- Data shown
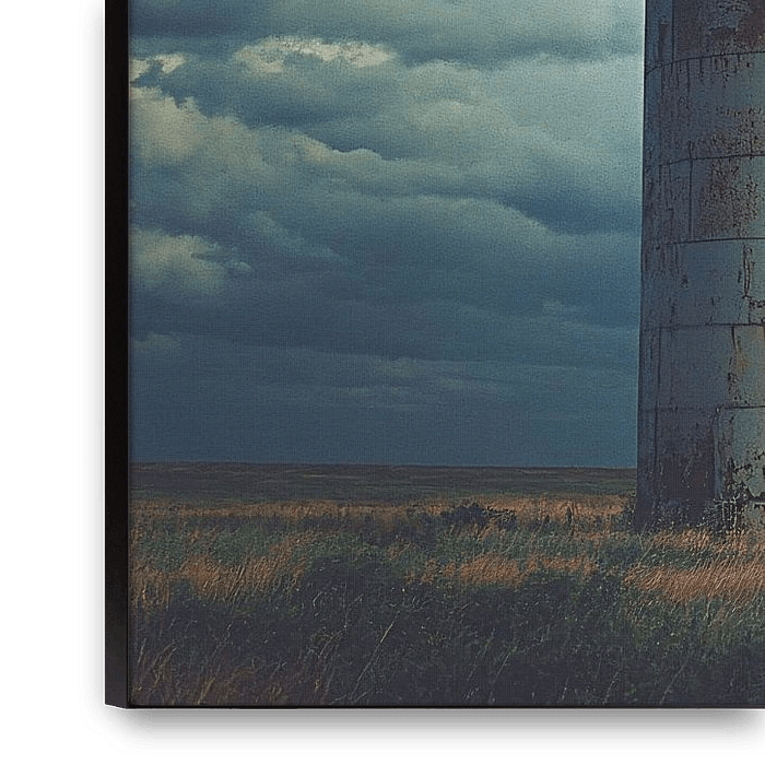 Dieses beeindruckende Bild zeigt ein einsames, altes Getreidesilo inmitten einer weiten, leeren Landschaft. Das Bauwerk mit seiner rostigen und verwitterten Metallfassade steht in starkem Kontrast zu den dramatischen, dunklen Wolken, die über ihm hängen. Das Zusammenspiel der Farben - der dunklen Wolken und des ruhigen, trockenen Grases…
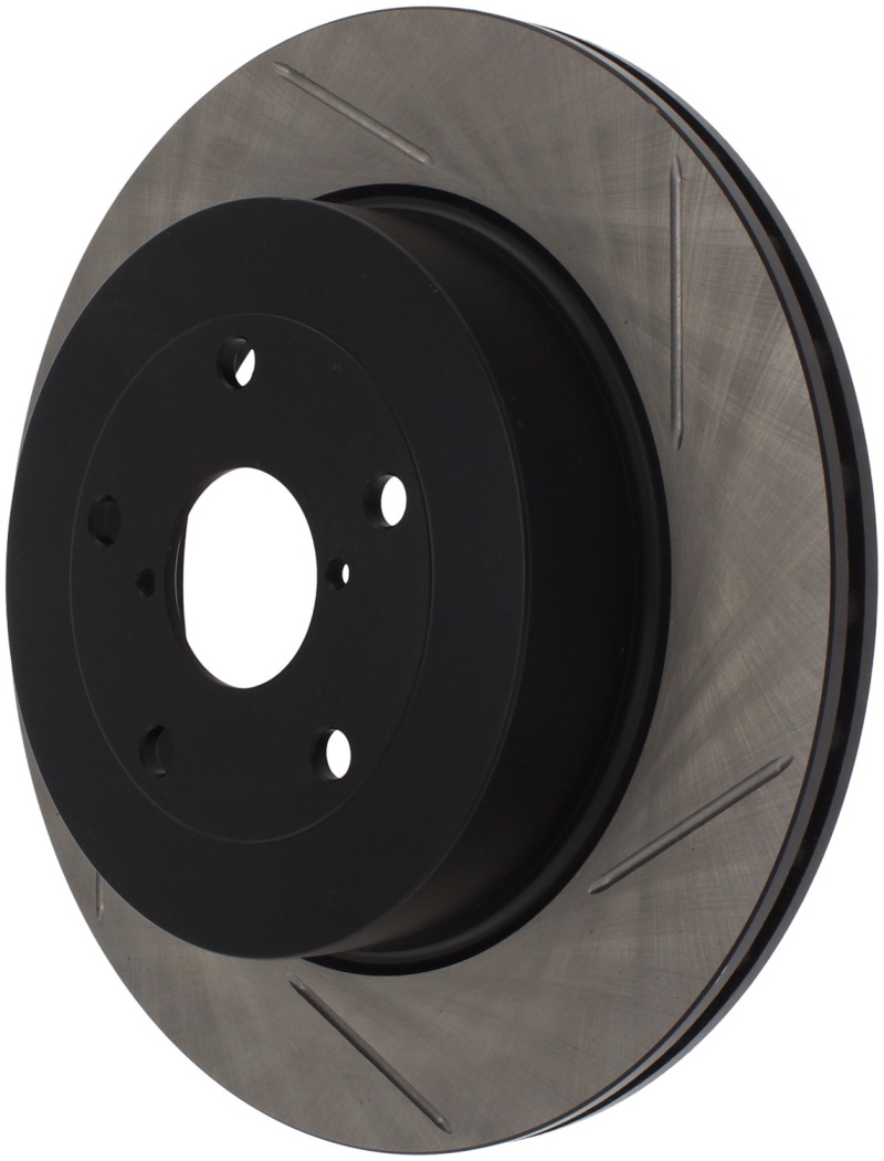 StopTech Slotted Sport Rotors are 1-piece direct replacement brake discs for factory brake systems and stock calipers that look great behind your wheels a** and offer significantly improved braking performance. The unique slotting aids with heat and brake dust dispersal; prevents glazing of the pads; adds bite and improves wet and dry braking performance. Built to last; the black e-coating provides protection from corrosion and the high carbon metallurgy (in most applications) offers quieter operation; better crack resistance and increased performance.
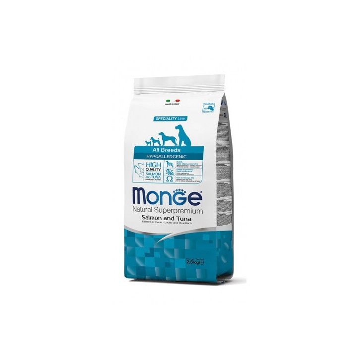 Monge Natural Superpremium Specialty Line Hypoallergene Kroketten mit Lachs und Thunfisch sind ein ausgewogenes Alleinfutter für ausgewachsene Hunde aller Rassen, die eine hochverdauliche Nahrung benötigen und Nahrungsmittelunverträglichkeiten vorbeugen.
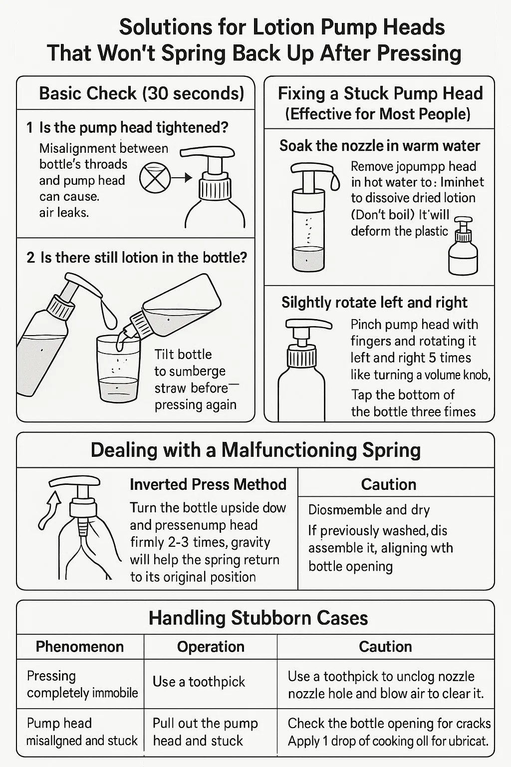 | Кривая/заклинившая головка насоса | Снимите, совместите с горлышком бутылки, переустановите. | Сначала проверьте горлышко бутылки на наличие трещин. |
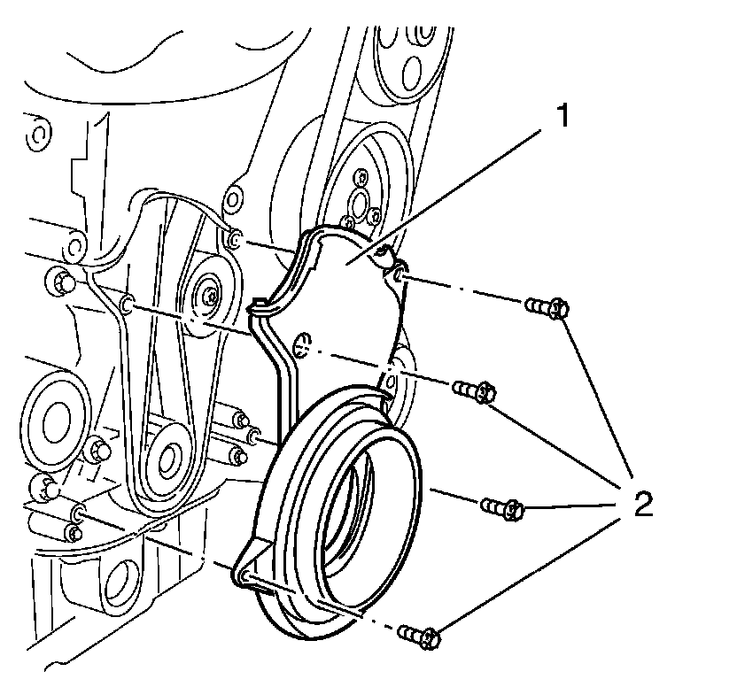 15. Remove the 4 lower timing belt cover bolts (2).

...

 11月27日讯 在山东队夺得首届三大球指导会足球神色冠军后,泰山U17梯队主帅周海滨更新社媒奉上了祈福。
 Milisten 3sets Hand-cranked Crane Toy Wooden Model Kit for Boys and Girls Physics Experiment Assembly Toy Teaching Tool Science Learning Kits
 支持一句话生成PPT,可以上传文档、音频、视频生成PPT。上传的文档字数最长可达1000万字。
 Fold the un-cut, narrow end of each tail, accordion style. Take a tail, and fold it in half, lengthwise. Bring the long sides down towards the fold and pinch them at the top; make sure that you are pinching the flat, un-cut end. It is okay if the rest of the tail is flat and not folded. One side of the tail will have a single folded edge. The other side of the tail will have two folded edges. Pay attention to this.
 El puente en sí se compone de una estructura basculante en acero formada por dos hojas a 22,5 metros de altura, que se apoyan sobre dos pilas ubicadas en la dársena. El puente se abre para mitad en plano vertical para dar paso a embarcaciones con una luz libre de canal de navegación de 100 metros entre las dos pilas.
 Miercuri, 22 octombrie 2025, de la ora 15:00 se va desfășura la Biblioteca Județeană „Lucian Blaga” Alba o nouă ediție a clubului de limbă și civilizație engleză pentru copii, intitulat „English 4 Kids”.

- Exercise objective
Going by the data above, the answer is exactly the lines from the one holding "наличие трещин. |" to the one holding "15. Remove the", both kept, with the pictures left out.

- Answer box
 | Кривая/заклинившая головка насоса | Снимите, совместите с горлышком бутылки, переустановите. | Сначала проверьте горлышко бутылки на наличие трещин. |
 15. Remove the 4 lower timing belt cover bolts (2).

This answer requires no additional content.